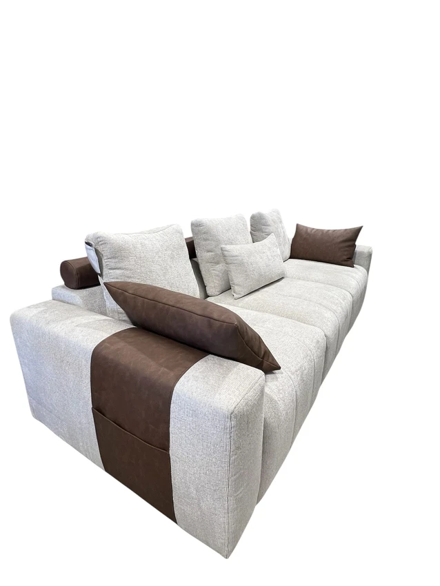 ספה דגם לורנזו מהממת במראה יחודי שילוב כריות בצורת גליל בגב הספה תוך שמירה על נוחות עם תמיכת כריות גב , מבנה משולב עץ מלא עם ספוג איכותי בד מהממם ושילוב דמוי עור בידיות הספה והגלילים
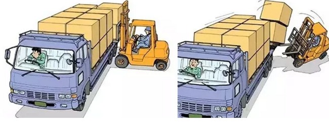 4、在卸貨時,司機離開叉車座位,叉車遷移,將裝卸工夾住。
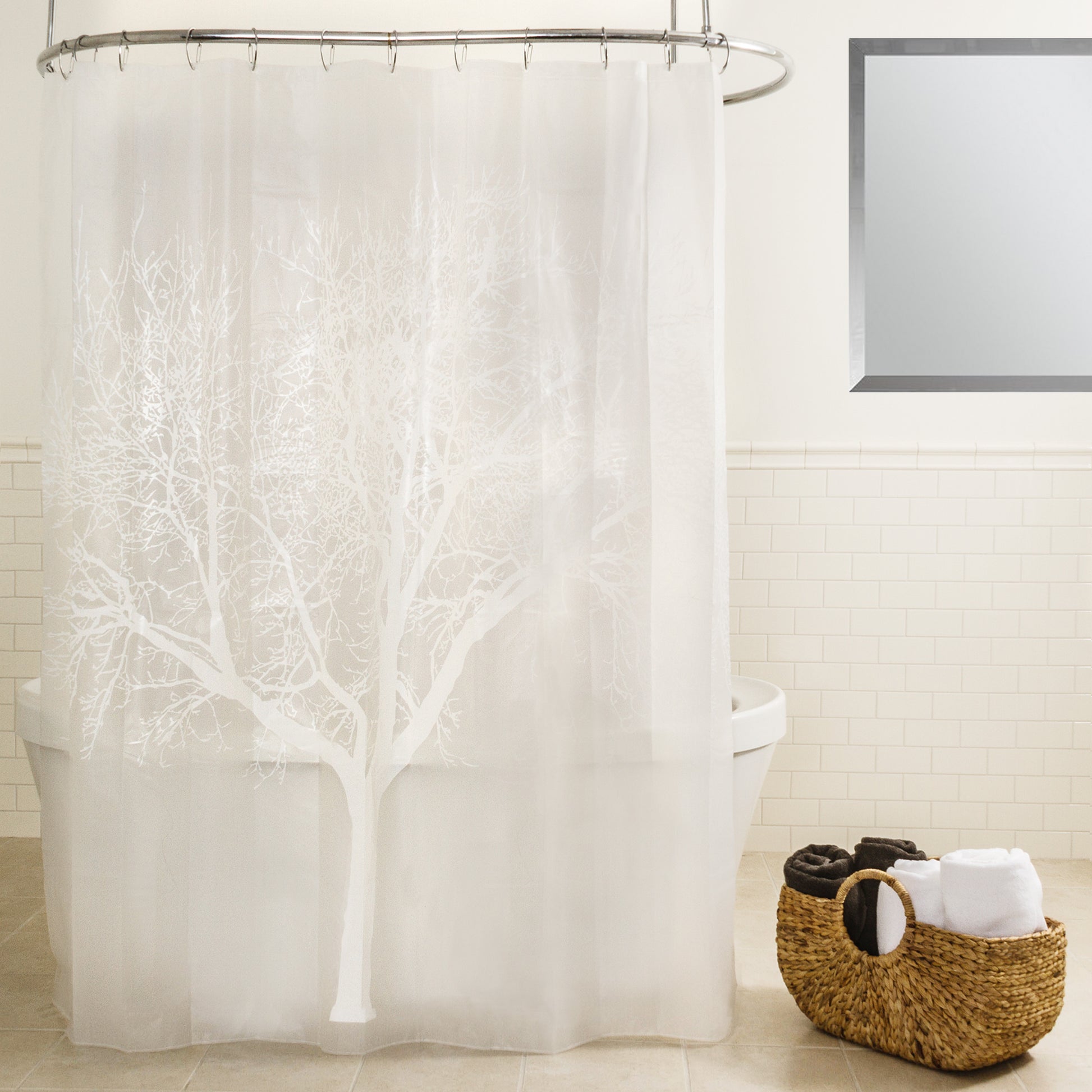 Add a touch of nature to your bathroom with this tree of life PEVA non-toxic shower curtain. This shower curtain measures 70" x 72" Measures 70" x 72" Made of non-toxic PEVA Easily wipes clean Hooks not included
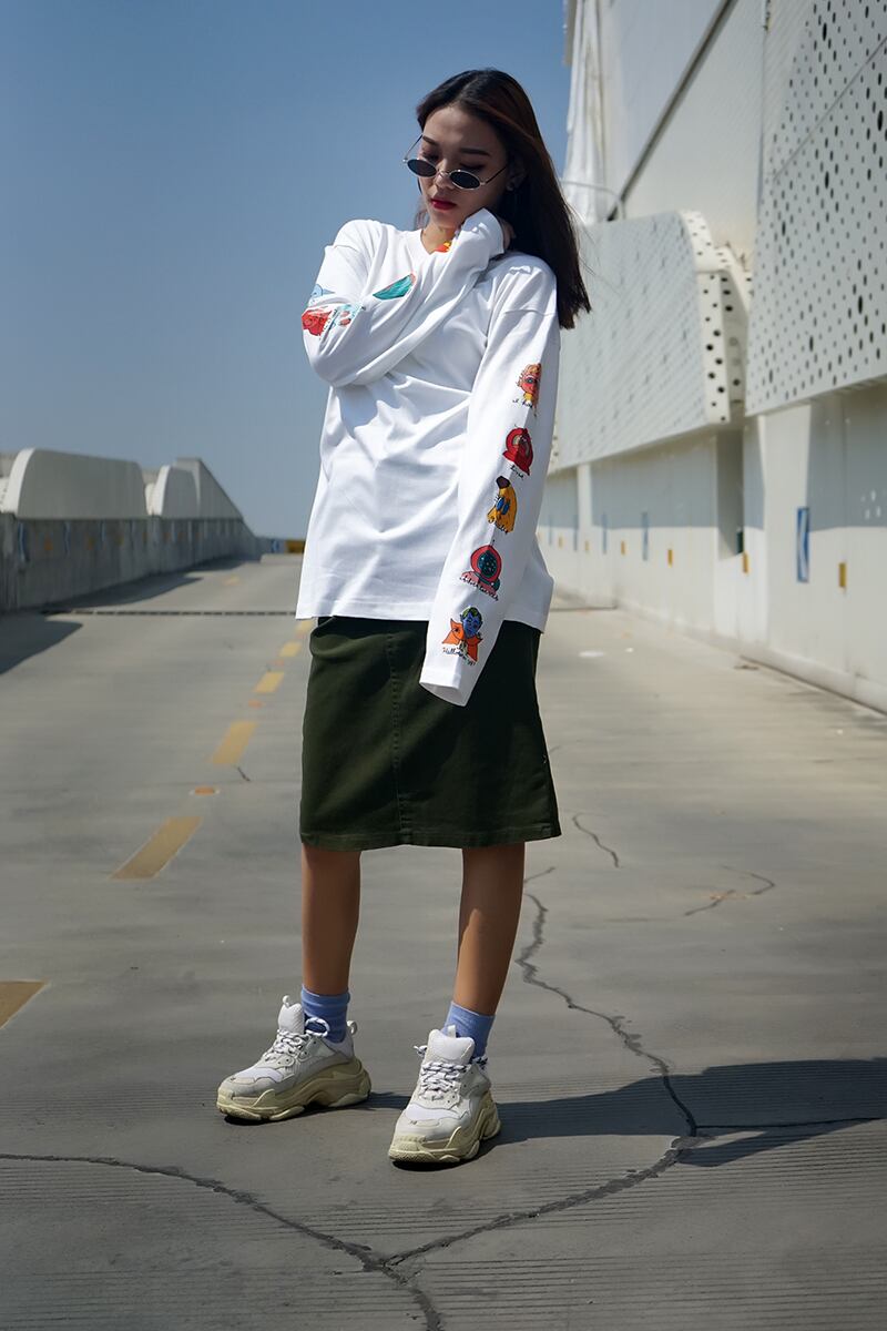ポップでキュートなキャラクターが袖にプリントされた、ロングスリーブカットソーです。
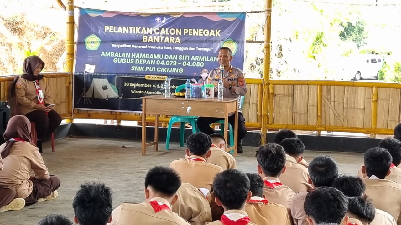 Majalengka – Kapolsek Cikijing Polres Majalengka Polda Jabar AKP Asep Rusmawan, S.H. menghadiri kegiatan Pelantikan sekaligus memberikan materi kepada adik-adik Pramuka calon Penegak Bantara SMK PUI Cikijing yang sedang melaksanakan perkemahan di lingkungan wisata alam Cibuyut Desa Maniis, Kamis (02/10/2025).

→ TASK INSTRUCTIONS: Copy the listing in full and without alteration, omitting every picture.

→ FINAL ANSWER:
 ספה דגם לורנזו מהממת במראה יחודי שילוב כריות בצורת גליל בגב הספה תוך שמירה על נוחות עם תמיכת כריות גב , מבנה משולב עץ מלא עם ספוג איכותי בד מהממם ושילוב דמוי עור בידיות הספה והגלילים
 4、在卸貨時,司機離開叉車座位,叉車遷移,將裝卸工夾住。
 Add a touch of nature to your bathroom with this tree of life PEVA non-toxic shower curtain. This shower curtain measures 70" x 72" Measures 70" x 72" Made of non-toxic PEVA Easily wipes clean Hooks not included
ポップでキュートなキャラクターが袖にプリントされた、ロングスリーブカットソーです。
 Majalengka – Kapolsek Cikijing Polres Majalengka Polda Jabar AKP Asep Rusmawan, S.H. menghadiri kegiatan Pelantikan sekaligus memberikan materi kepada adik-adik Pramuka calon Penegak Bantara SMK PUI Cikijing yang sedang melaksanakan perkemahan di lingkungan wisata alam Cibuyut Desa Maniis, Kamis (02/10/2025).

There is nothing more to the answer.